"Our response to the invasion was by the hour at first, now not to the same degree, but it is absolutely Europe's top priority and we will stay supportive of Ukraine until the war is won and Ukraine has been rebuilt, and become a member of the European Union," Vestager continued. "I think that is the crucial commitment that has been made, and that will be a better union when that is brought about - a more dynamic union and a more united union."
Indeed, in the immediate aftermath of the Russian invasion, Josep Borrell, the EU foreign and security chief, argued the EU had grown up, "making more progress in a week toward the objective of being a global security player than it had in the previous decade". Measures that were unthinkable just a few days earlier, such as barring leading Russian banks from the Swift international financial messaging system and freezing the Russian central bank's assets, were imposed at an unprecedented pace.

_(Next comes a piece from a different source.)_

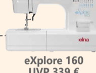
eXplore 160 UVP 339 € Eintauschpreis 299 €
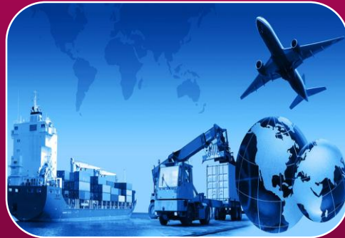
Dış Ticaret Mevzuatı

The price of failure was also dauntingly high. "Everything is at stake in this war: each and every one of the core principles of European security have come under attack," said Jonatan Vseviov, the secretary general in Estonia's directorate of the ministry of foreign affairs. "They will either be strengthened as a result of this war, or they will be fundamentally weakened. The notions of territorial integrity, sovereignty, the unacceptability of aggression, the illegality of war crimes are being tested right now."
In an effort not to fail, the EU activated its temporary protection directive for the first time in history, giving more than 5.3 million Ukrainians the right to residence. With the European Commission in the driving seat, it has for the first time imposed 10 rounds of economic sanctions against a country, all agreed - eventually - unanimously. National sanctions enforcement has now even become an EU competence.